Hwang-Peddada estimation depends on a distinction between “nodal” and “non-nodal” parameters. Nodal parameters are those whose ordering with all the other parameters is is known. For example, π₁₁ and π₂₄ are nodal parameters, since π₁₁ is known to be less than, and π₂₄ is known to be greater than, any of the other parameters. The remaining parameters are non-nodal; for each parameter, there is at least one other parameter for which the ordering is unknown; for example, the ordering between π₁₂ and π₂₁ is unknown. Estimation of the nodal parameters proceeds by guessing at the unknown orders among the parameters, making sure that the guess preserves the known orderings. For example, a possible guess at the ordering is given in (6)

$${\pi }_{11}\le {\pi }_{21}\le {\pi }_{12}\le {\pi }_{22}\le {\pi }_{13}\le {\pi }_{23}\le {\pi }_{14}\le {\pi }_{24}$$ (6)
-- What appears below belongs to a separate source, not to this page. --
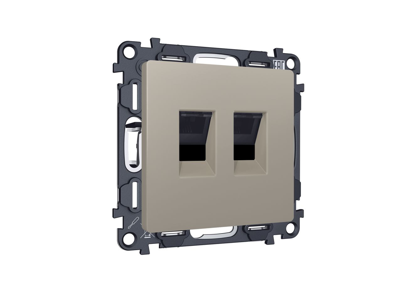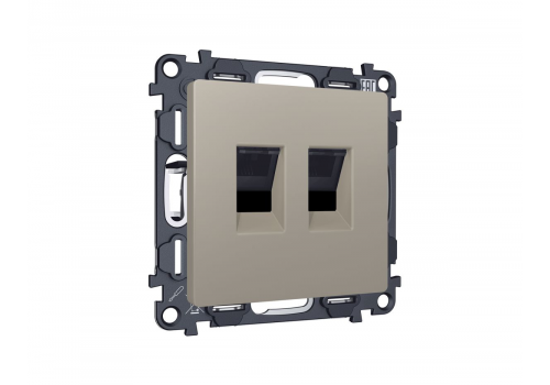 Комплект механизма компьютерной двойной розетки RJ-45 с автоматической защитной шторкой Alfa Серо-бе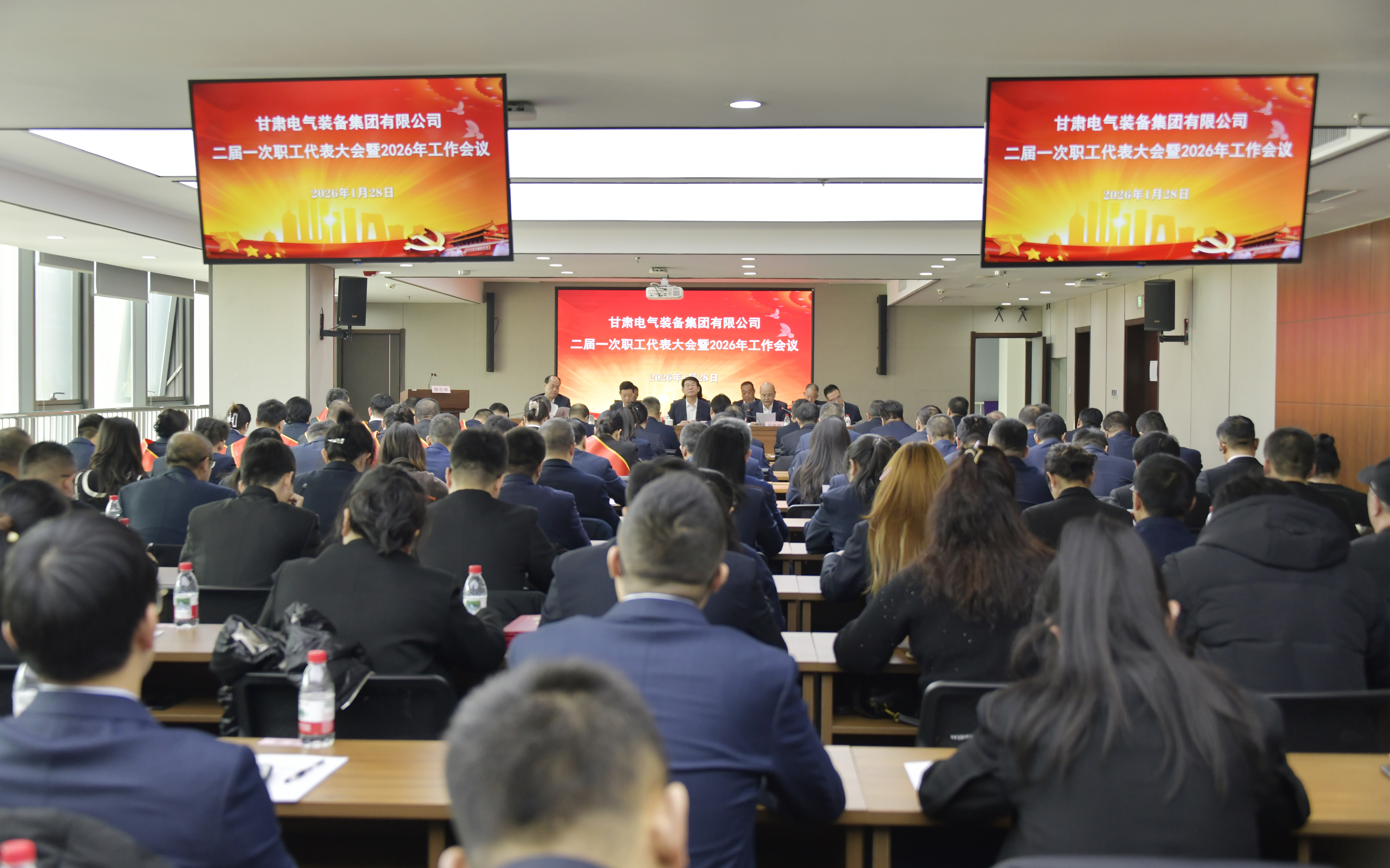 1月28日,英国正版365召开二届一次职工代表大会暨2026年工作会议。会议以习近平新时代中国特色社会主义思想为指导,深入贯彻党的二十大及二十届历次全会精神,全面落实习近平总书记视察甘肃重要讲话重要指示精神,及中央和省委经济工作会议、省委十四届九次全会精神,总结2025年及“十四五”时期发展成效,研判“十五五”发展形势,部署2026年重点任务,为集团高质量发展新征程凝聚共识、明确方向。(大会现场)集

This preserves the monotonicity within rows and within columns, and could be interpreted as a guess that the difference in the probability of a DLT between groups is less than the difference in the probability of a DLT due to changes in dose within a group. Once the guess is made, the parameters follow a ”simple order” and the estimates of the nodal parameters can be obtained with any one of several standard methods in order restricted inference, such as the ’pool adjacent violators algorithm’ (PAVA) or the minimum lower sets algorithm [24]. At this stage, we retain the estimates of the nodal parameters and discard the estimates of the non-nodal parameters. In the example, at this point, we have estimates π̂₁₁ and π̂₂₂. To estimate each of the non-nodal parameters, we delete the smallest number of parameters from the set that will make the given parameter nodal. For example, to estimate π₁₂, if we were to remove π₂₁, then π₁₂ would be a nodal parameter. The parameter π₁₂ could be estimated using a modification of the PAVA algorithm for the simple order 7 determined by our guess at the unknown orderings, with π₂₁ removed, and π₁₁ and π₂₄ fixed at their previously estimated values.

$${\hat{\pi }}_{11}\le {\pi }_{12}\le {\pi }_{22}\le {\pi }_{13}\le {\pi }_{23}\le {\pi }_{14}\le {\hat{\pi }}_{24}$$ (7)

Estimation proceeds until all the nodal and non-nodal parameters have been estimated. Further details on computational aspects, other examples and the statistical properties of Hwang-Peddada estimates are given in [11].